現在でも、訪問介護業者の経営は苦しく、倒産・休業が23年は、427社にものぼりました。ところが岸田政権は、訪問介護報酬の2%引き下げを強行しました。引き下げ理由は、「利益率が高いから」だとしていますが、利益率が高いのは、一部の大手だけが異常な高利益を上げており、多くの小規模事業者、特に中山間地などの約4割の事業者(全国で13000事業者)が赤字です。大手は、効率的でない地域では事業を行いません。訪問介護報酬の引き下げは、現在でも赤字の小規模事業者を直撃し、頑張っているヘルパーさんの働きがいを奪い、事業からの撤退につながります。地域から事業所が無くなれば、訪問介護が必要な方はどうなるのでしょうか、地域では「介護難民」や介護離職者も増え、人口減少に拍車がかかるのではないかと心配です。

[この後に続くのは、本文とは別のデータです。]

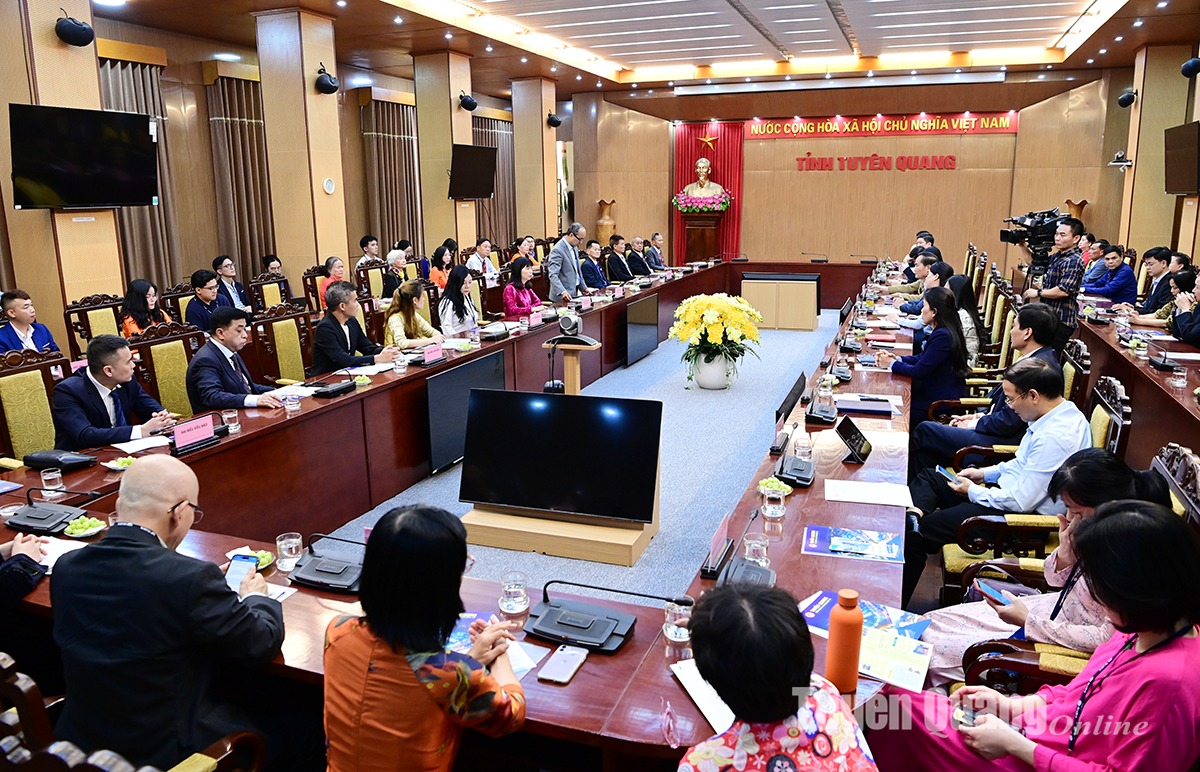 Tại buổi làm việc, đoàn kiều bào đã được xem clip giới thiệu về văn hóa, kinh tế, xã hội của tỉnh Tuyên Quang; trao đổi về khả năng đầu tư tại Tuyên Quang. Nhân dịp này Đoàn kiều bào trao hỗ trợ kinh phí xóa nhà tạm, nhà dột nát cho tỉnh.

■介護事業者も利用者も納得できる制度にするために、何が必要とお考えですか

介護保険の財源の負担割合は、国が4分の1、都道府県と市町村がそれぞれ8分の1を負担していますが、都道府県や市町村にはこれ以上財政負担をおこなう裏付けがありません。私たちの運動の基本は、国庫負担金の割合負担を増やすことです。国民が人間らしい暮らしができるよう、国が、医療・福祉や介護に十分な予算を回し責任を果たすことを求める国民的な取り組みが必要ではないでしょうか。

■自治体や自治体職員に何が求められていますか

自治体では、「介護保険事業計画」を3年毎に作成し、3年間の事業計画を立てています。介護職員の確保問題になると、「それぞれの事業所で確保してください」となり、実効ある対策にはなっていません。現状では、自治体が描いている「介護保険事業計画」は、絵に描いた餅です。自治体には、介護現場の大きな課題である人材確保に、もっと積極的にかかわっていただきたいですね。

自治体や自治体職員と介護事業者、介護利用者との距離が遠くなっているのではないでしょうか。京都市では、かつて各行政区に保健所があった時には、保健所や地域医師会が音頭を取って『保健医療福祉の集い』や『認知症相談会』などが開催されました。それを通じて人間関係や問題意識の共有もできました。地域に保健所がなくなり、これらのつながりもなくなりました。コロナ禍では、せめて行政区ごとに保健所があればと何度も思いました。

自治体には、民間まかせではなく「より良い介護の提供のために何が必要か」を専門的に分析して改善していく部署が必要と思います。